== Task material

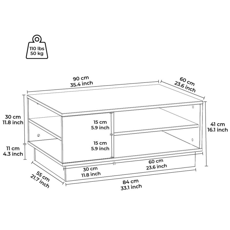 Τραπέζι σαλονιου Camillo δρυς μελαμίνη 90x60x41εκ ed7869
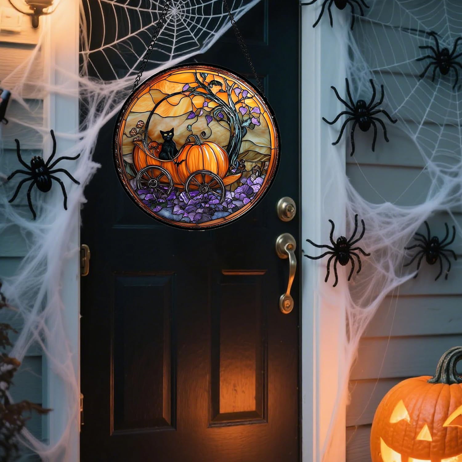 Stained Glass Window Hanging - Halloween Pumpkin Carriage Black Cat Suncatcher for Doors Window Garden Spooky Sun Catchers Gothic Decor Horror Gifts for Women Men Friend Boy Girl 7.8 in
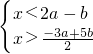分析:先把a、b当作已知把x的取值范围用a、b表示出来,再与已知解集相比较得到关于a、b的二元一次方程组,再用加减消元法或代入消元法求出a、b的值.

====
== Task material

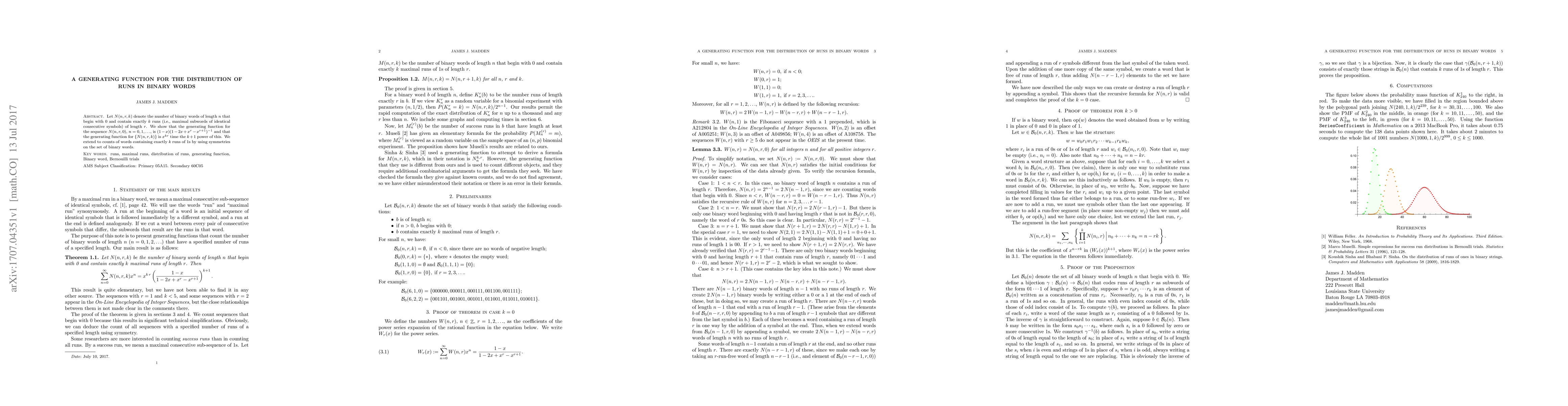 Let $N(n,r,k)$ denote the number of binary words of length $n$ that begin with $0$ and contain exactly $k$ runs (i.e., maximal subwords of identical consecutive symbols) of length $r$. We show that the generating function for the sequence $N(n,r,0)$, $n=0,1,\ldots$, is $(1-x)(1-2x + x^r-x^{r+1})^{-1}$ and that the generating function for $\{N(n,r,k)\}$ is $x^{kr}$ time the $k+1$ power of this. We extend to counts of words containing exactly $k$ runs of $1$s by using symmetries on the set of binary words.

====

Aim of the exercise
Could the stretch from the line with "Τραπέζι σαλονιου Camillo" through the line with "分析:先把a、b当作已知把x" in the listing above be restated word for word, minus the pictures?

Solution for this task
 Τραπέζι σαλονιου Camillo δρυς μελαμίνη 90x60x41εκ ed7869
 Stained Glass Window Hanging - Halloween Pumpkin Carriage Black Cat Suncatcher for Doors Window Garden Spooky Sun Catchers Gothic Decor Horror Gifts for Women Men Friend Boy Girl 7.8 in
分析:先把a、b当作已知把x的取值范围用a、b表示出来,再与已知解集相比较得到关于a、b的二元一次方程组,再用加减消元法或代入消元法求出a、b的值.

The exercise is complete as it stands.